VALLO di DIANO (SA, Italy)… tra BASILICHE e CERTOSE alla scoperta del “bello”

Rimanere estasiati, letteralmente travolti da un insolito fascino, dal grande mistero e dall’intensa monumentalità di così tanta bellezza (storica, artistica, archeologica, religiosa…), tutta concentrata in un sol luogo e a poche centinaia di metri di distanza, è davvero un qualcosa di incredibile e, difficilmente, riscontrabile altrove.

Dopo che i Romani operarono la bonifica del Vallo, regolando le “chiuse” di Polla, trasformarono lo stagno del Tanagro in un letto fluviale dalla normale portata. Caduto l’Impero il Vallo segnò un graduale spopolamento e ritornò, nuovamente, a formarsi la palude. Esistevano, in quell’epoca senza precisi riferimenti storici, nel cuore del Vallo importanti tracce e testimonianze storiche e artistiche intrise soprattutto di fede e di alta spiritualità.
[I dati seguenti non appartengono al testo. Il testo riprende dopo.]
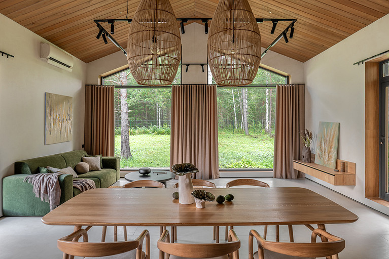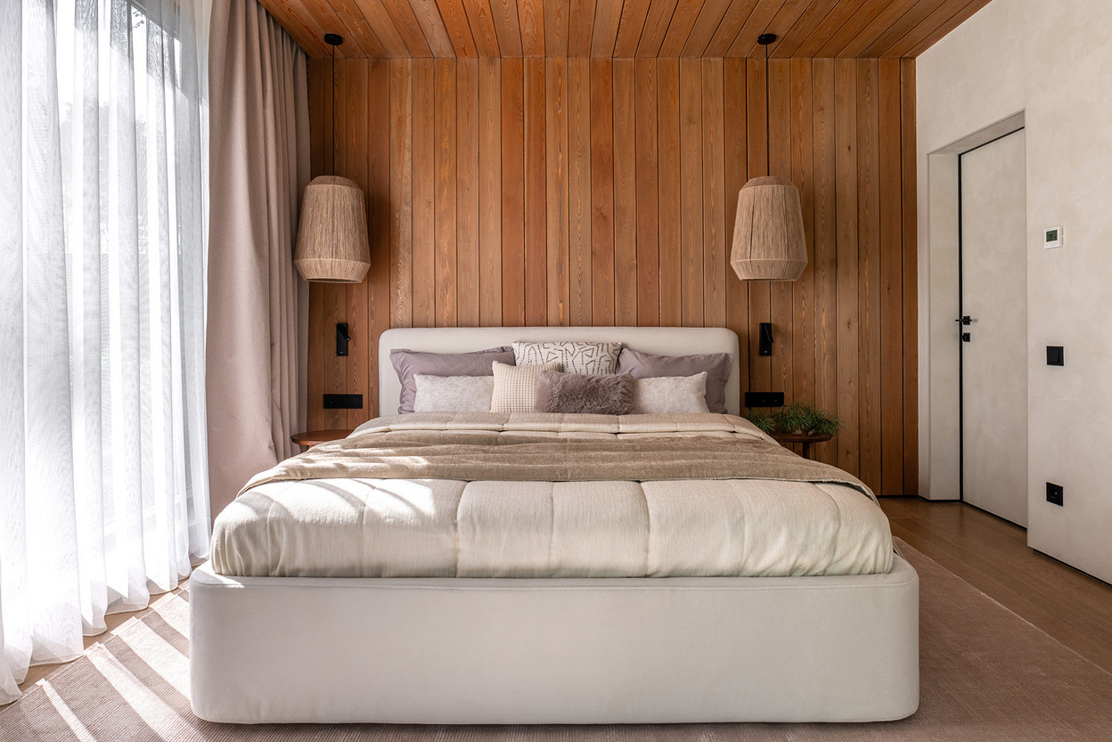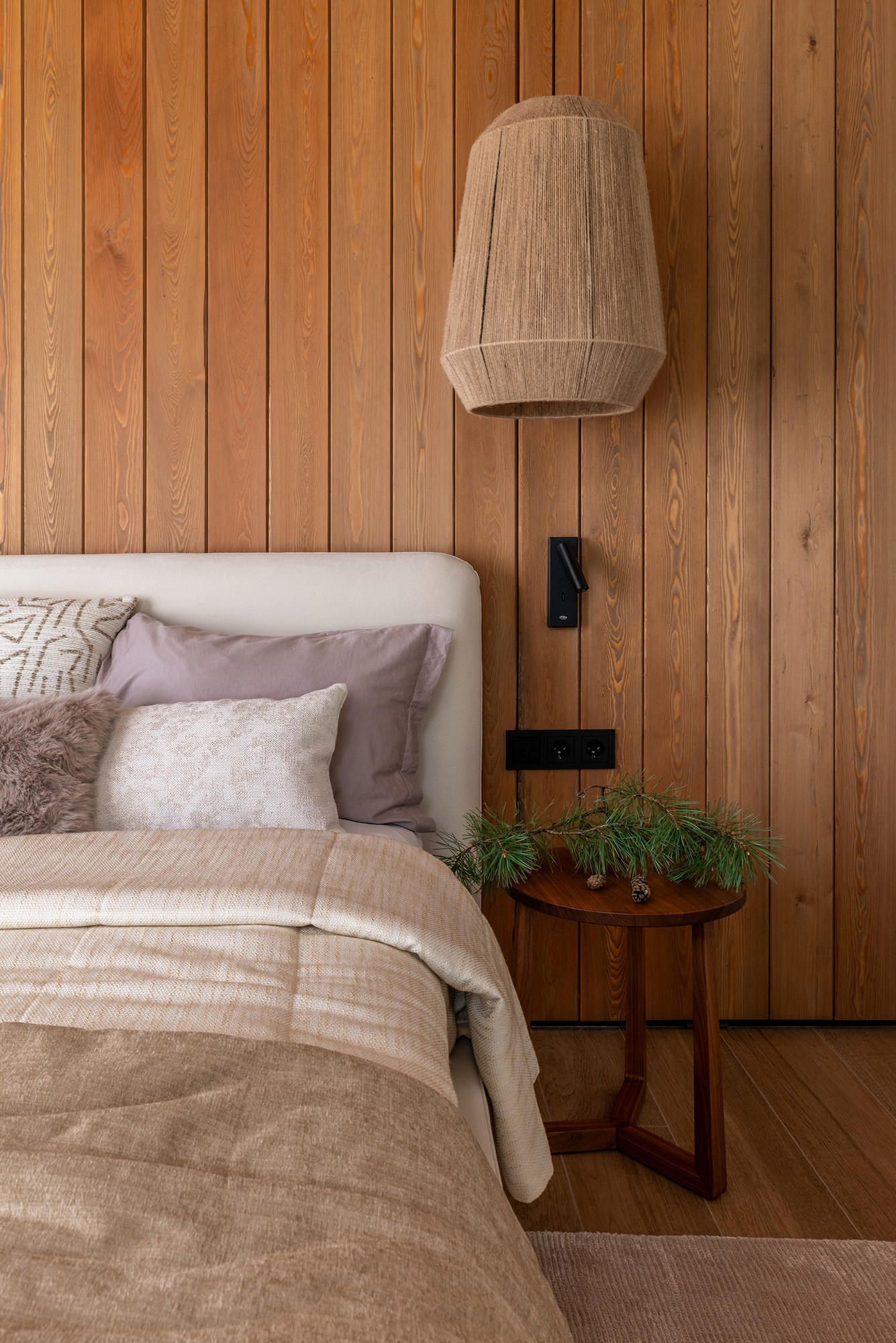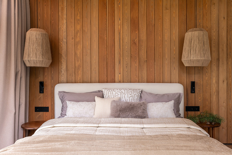 - Стены и потолок: вагонка из лиственницы, тонированное масло «Осмо»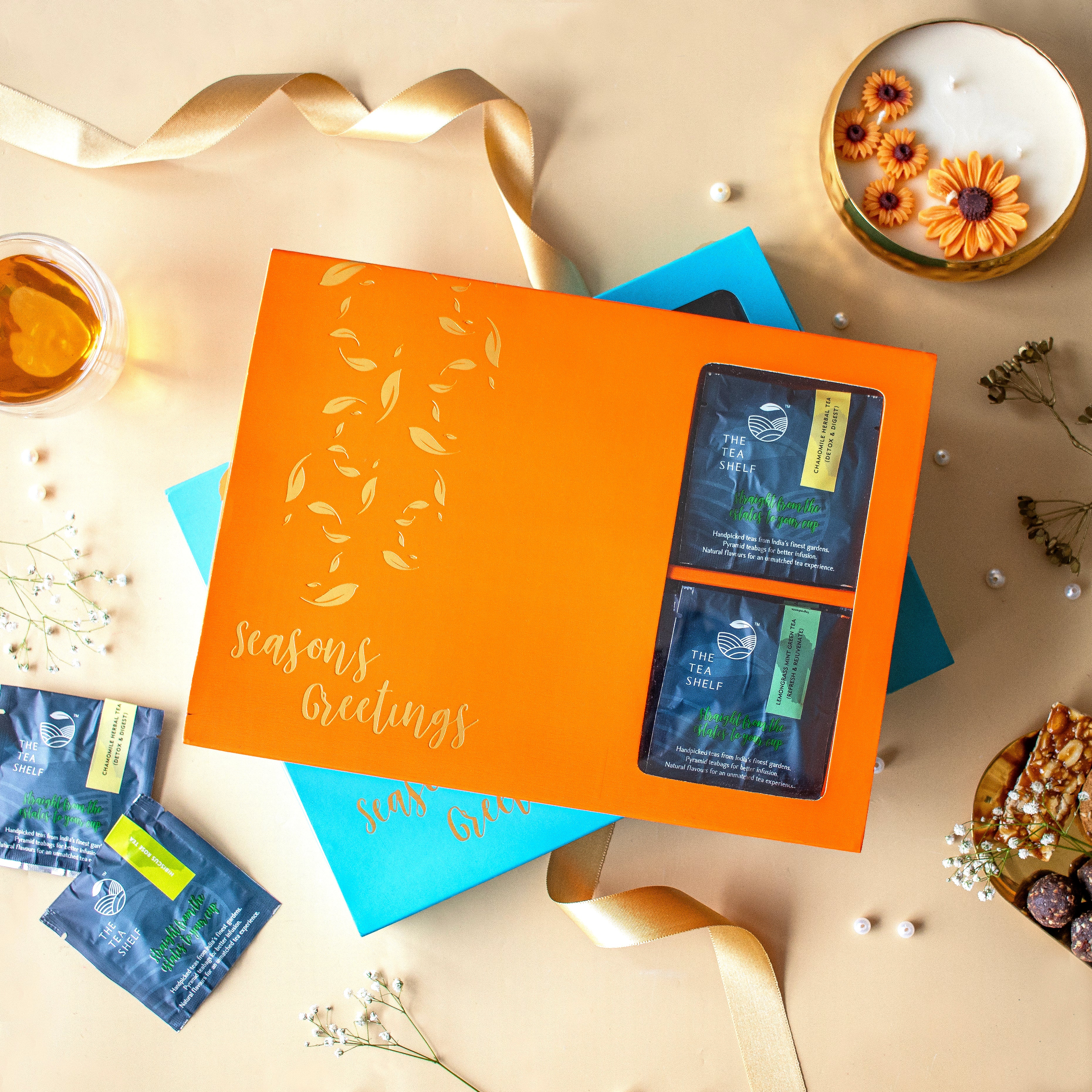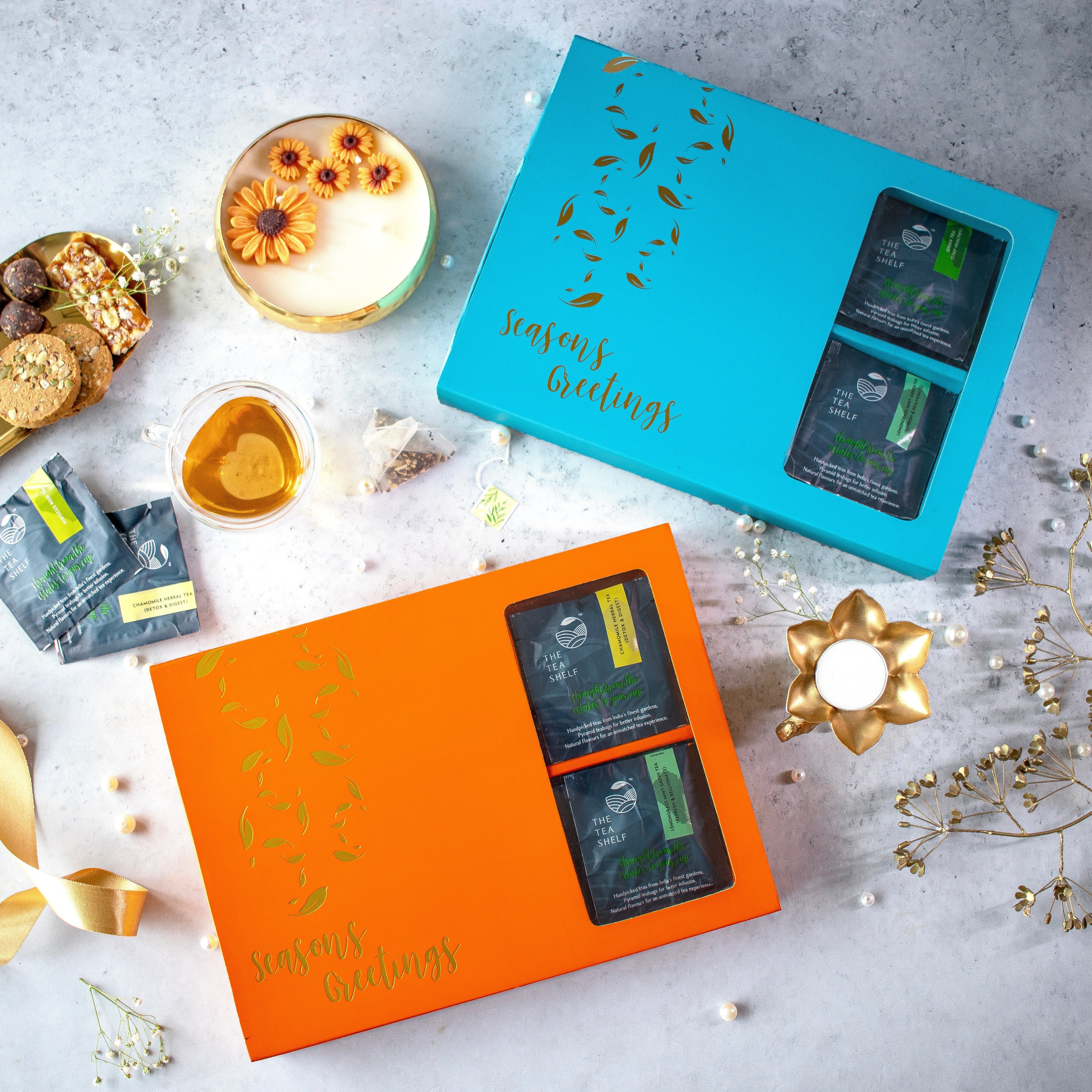 Tea Selection - Chamomile Herbal Tea, English Breakfast Black Tea, Winter Forest Green Tea, Rose Tulsi Green Tea, Lemongrass Mint Green Tea and Immunity Booster Herbal Tea.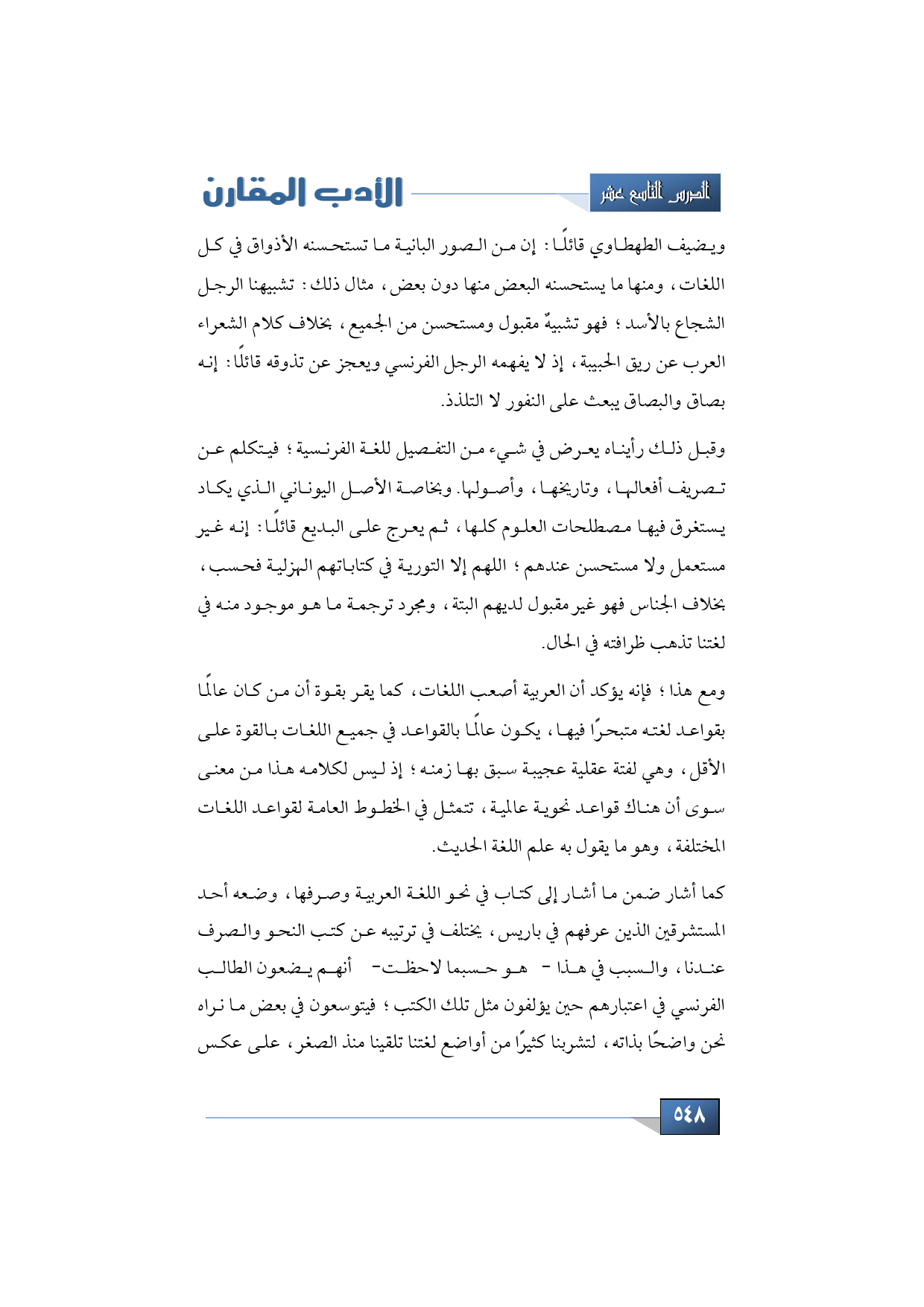 كما أشار ضمن ما أشار إلى كتاب في نحو اللغة العربية وصرفها، وضعه أحد المستشرقين الذين عرفهم في باريس، يختلف في ترتيبه عن كتب النحو والصرف عندنا، والسبب في هذا -هو حسبما لاحظت- أنهم يضعون الطالب الفرنسي في اعتبارهم حين يؤلفون مثل تلك الكتب؛ فيتوسعون في بعض ما نراه نحن واضحًا بذاته، لتشربنا كثيرًا من أواضع لغتنا تلقينا منذ الصغر، على عكس

Ma anche l’avanzato stato di civiltà comincio a rendere conosciuta questa parte di territorio tra Campania e Lucania. Alcune testimonianze scritte del VI secolo d.C. riportano che qui – durante la festa dedicata a San Cipriano – aveva luogo, presso la sorgiva di una fonte ritenuta miracolosa, una importante fiera che si svolgeva ogni anno, un evento festaiolo che contemplava lo scambio di beni commerciali di varia natura, la vendita di pellame e manufatti artigianali, nonché la vendita di animali.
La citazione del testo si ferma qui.